Decision Making

Going with your gut

Thomas Bosshard
  • Thomas Bosshard

Categories

  • Decision Making

Recent studies from psychologists and neuroscientists are beginning to unravel how we use our intuition to make the right decisions.

Compared with careful analysis, intuition has always been viewed as a less effective approach to decision making. Whereas going with your first best feeling might seem efficient for snap decisions that are mostly routine and insignificant, for bigger decisions we usually favor a rational approach, for example by weighing written lists of pros and cons.

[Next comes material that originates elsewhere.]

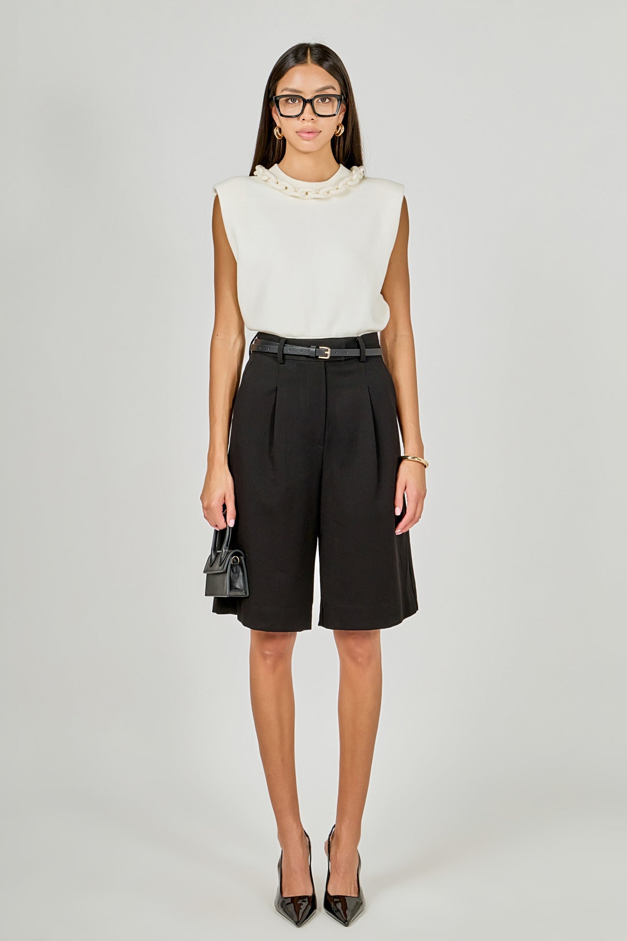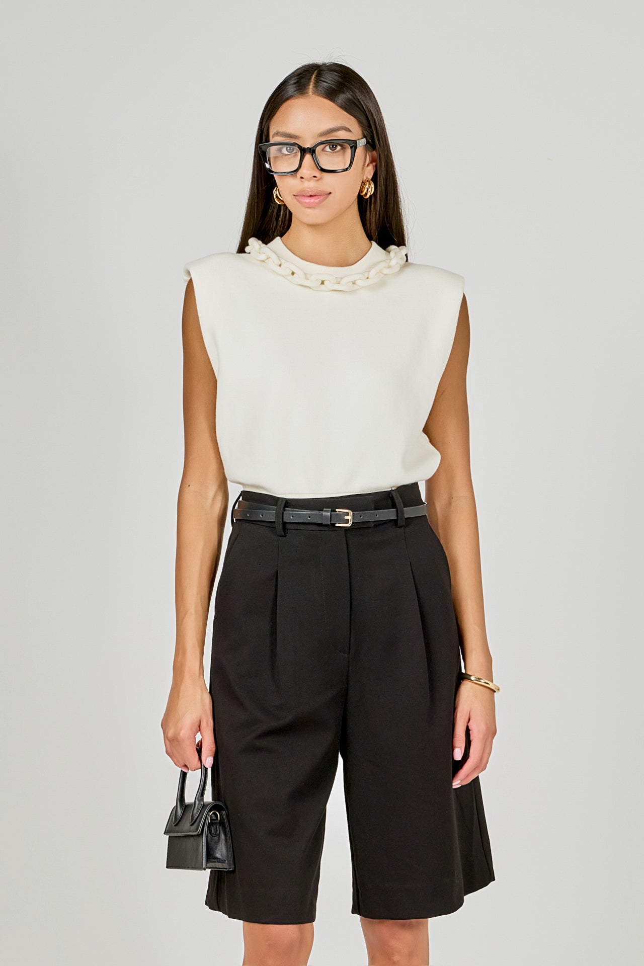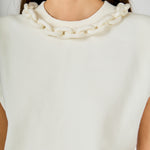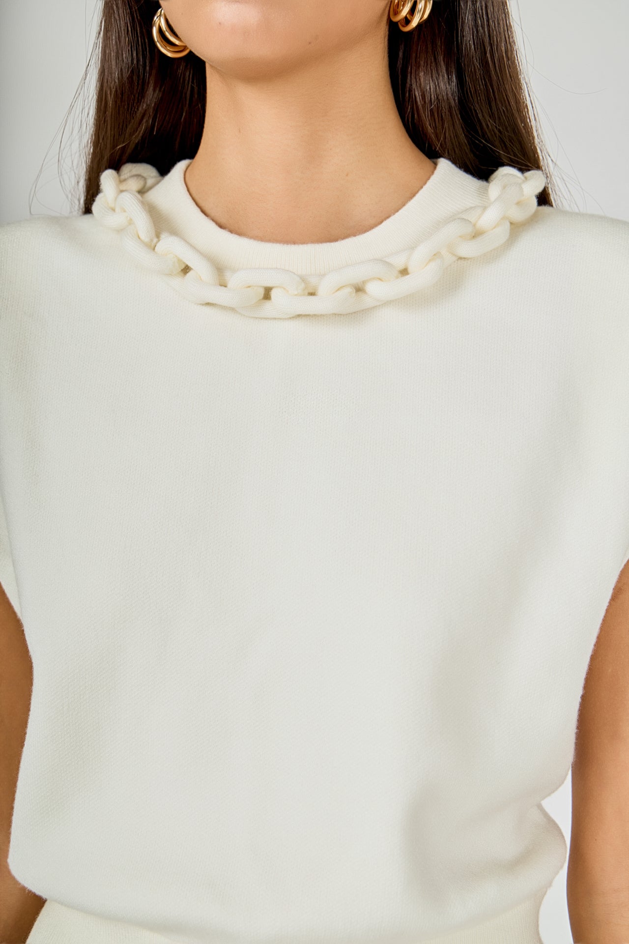 Elevate your wardrobe with our Gia Knitted Chain Detail Sleeveless Top. Designed with a classic crew neckline and subtle shoulder padding, this top offers structure and a flattering fit. The intricate knitted chain detailing adds a modern, stylish edge, making it a standout piece for any occasion. Made from soft, high-quality materials, it’s comfortable enough for all-day wear yet effortlessly chic. Pair it with tailored pants or a skirt for a polished look, or dress it down with jeans for casual sophistication. A versatile and fashion-forward addition to any wardrobe.

The importance of the rational approach to successful decision-making is being challenged by a growing body of research on intuition. German psychologist Gerd Gigerenzer, whose book “Gut Feelings: The Intelligence of the Unconscious” gained a lot of attention, maintains that rational decisions are slow and in some situations demand too much information.  His research has shown that a decision procedure based on simple heuristics – unconscious mental processes – often yields better results than one based on logical reasoning. For example, as a result of the effect of the “recognition heuristic” on investment decisions, which basically means to go with what you know, portfolios unskilled investors made up of the most frequently recognized companies (“high-recognition portfolios”) did better on the stock market than professional ones. Or, as Prof. Gigerenzer puts it, “the intuitive wisdom of the semi-ignorant outperformed the calculations of the experts.”

As Prof. Gigerenzer sees it, a more detailed analysis does not necessarily improve a decision, but can often make it worse. In other words, the common belief that more information is always better might not apply to all situations because it can also distract us from focusing on the few simple aspects of a problem that matter: “The more options one has, the more possibilities for experiencing conflict arise, and the more difficult it becomes to compare the options.”

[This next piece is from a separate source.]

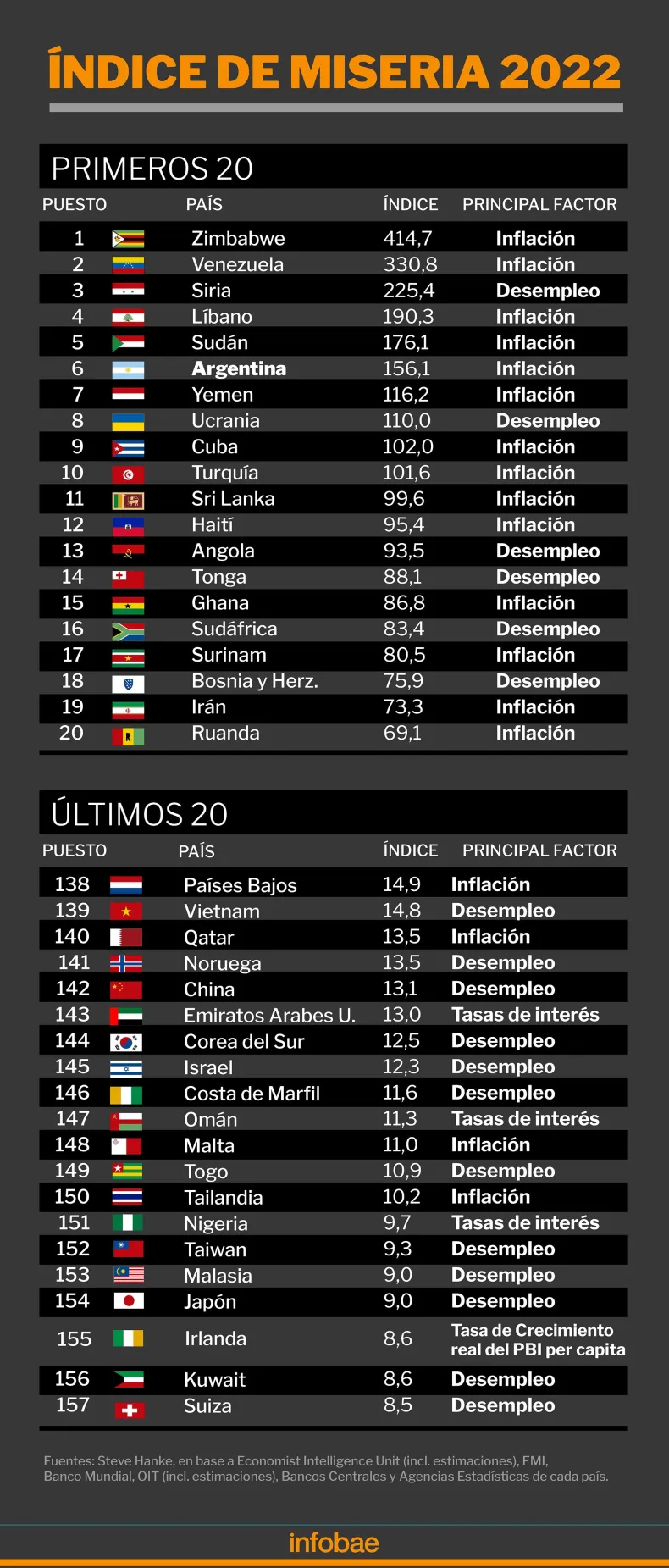 El economista, Steve Hanke, publicó el jueves la edición nueva de Hanke Annual Misery Index, basado en datos obtenidos en el año 2022. En esta publicación, Argentina vuelve a hacerse presente en el sexto lugar, como uno de los países con mayor penuria o "miseria".

Does this mean that there might be a beneficial degree of ignorance when it comes to making decisions? Daniel Kahneman and Amos Tversky (1982) have famously shown that our decision-making procedures often consist of simple heuristics that guide us through an increasingly complex world teeming with information (see our blogpost on behavioral economics). And as society and businesses place greater emphasis on the speed and efficiency of decision-making, the intuitive approach might have its clear merits. However, as various psychologists have pointed out, heuristics are often prone to mistakes and biases.  In terms of information, our gut feeling can be influenced by the “availability bias” -- the implicit assumption that the most easily available information is also the most relevant.

Comparing intuition directly with analytical reasoning, researchers from Boston College, George Mason University and Rice University identified conditions in which intuition is truly an effective way to make the right decisions. Their findings show that people can rely on intuition when making a broad evaluation that does not include a subset of additional decisions and when they have in-depth knowledge in the area of the subject, also referred to as domain expertise. So should you only trust your gut when you’re an expert? Organizational psychologist and co-author Michael Pratt’s conclusion is yes: “If you're working in an industry where you've risen through the ranks, your domain expertise will likely better serve an intuitive approach. If you gained your expertise in a different field, you may not have the background to rely as strongly on your intuition."

An area where effective fast decision making plays an important role is healthcare. Here studies have suggested that intuition should be seen as a highly important diagnostic procedure in its own right. In fact, a clinician's intuitive feeling that something is wrong appears to have even greater diagnostic value than most symptoms and signs, according to a study by researchers from Oxford and Belgium. On the other hand, for a gut feeling to arise in the first place, some sort of expertise or previous experience must already be there, perhaps hidden in the deep levels of our subconscious minds and memories. Intuition has been explained as the feeling that arises when your brain makes an instant connection between what's happening in the present and a similar circumstance from somewhere in your past. So if there is no experience to draw from within a domain, we most probably also will not be experiencing gut feelings about it.

Yet if intuition is more efficient than careful analysis, why go through the effort of a slow, deliberate reasoning process when we can make better decisions by using our intuition? One possible interpretation is that intuition could still qualify as reasoning, albeit in its most simple and unconscious form: one that makes the more effortful form possible in the first place.